ANTOFTS FARM [continued]
By 1873 Lord Feversham had made Antofts a Home Farm and was employing John Armitage as farm bailiff and that was still the situation in 1881 but by 1901 most of the farmland had become part of a deer park and George Maynard the park keeper was living at a dwelling on the site and his assistant James Dale was living at a new dwelling referred to as New Lodge and now known as High Lodge adjacent to the A170.
In recent years the house has been used as a retreat by members of Lord Feversham’s family and the land is farmed by different tenants of the Duncombe Park Estate.
BROXHILL
The name is derived from the hill of Brockesholes recorded in the grant mentioned on the previous page and it was the hilly land between Aldentoftes and Scaltun Crofte. The first identifiable tenant was George Hornby who had 42 acres known as Broxwell Pasture in 1694 together with a messuage at Broxwell Gill Head, a low hollow in the middle of Broxwell and 16 acres known as Broxwell Wood. The Hornby family were living in Scawton in 1653, it is possible that George was related to the Hornby family of Old Byland and his tenancy seems to have ended some time between 1708 and 1717 when Widow Hornby paid rent of 15s and two years later John Weetman paid rent for Hornby’s house which would have been the dwelling on the hill.
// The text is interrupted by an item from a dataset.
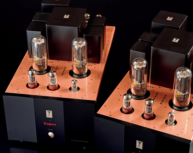 やはり重量級のモノラルパワーアンプ「Kagura」。大型出力管211をパラレルシングルで使用している

A William Hornby paid annual rent of £22 5s and two hens for a messuage in 1721, the major part of the land at Broxhill then became part of the tenancy of Scawton Croft and those living at the dwelling were left with about 12 acres. They included Elizabeth Sturdy who died there in 1785 and James Boyes a farm labourer who was there in 1851 and the last record of any occupiers was in 1881 when Hannah Paisley was farming 12 acres at Broxhill where she lived with her four children but the family had left the district by 1891 and the dwelling was left unoccupied, eventually became a ruin and nothing is left on the site except for a few stones. The land at Broxhill is now farmed by the Teasdale family who are tenants at Abbot Hagg Farm in Rievaulx.
RECTORY FARM
Although the name of the farm is derived from its association with the Old Rectory it was not given the name until the early 20th century but according to the map drawn in 1839 John York seems to have been living at the Old Rectory and this may have been because Thomas Worsley was an absentee Rector between the years 1828 and 1882 after which the new rectory was built just out of the village.
The 5 acres held by David’s ancestor William in 1694 was the beginning of the small farm that was given the name of Old Rectory Farm over 200 years later and William still had the farm in 1708, his widow had the tenancy in 1719 and their son John was at the farm from 1730 until 1750 to be followed by his son John who was the tenant from 1770 until the end of the 18th century. His son John born in 1762 had 12 acres in 1812 and was living at the Old Rectory in 1839 and his widow Jane and son David and daughter Elizabeth were living there in 1851 with the Reverend Thomas Simpson, Worsley’s curate as their lodger.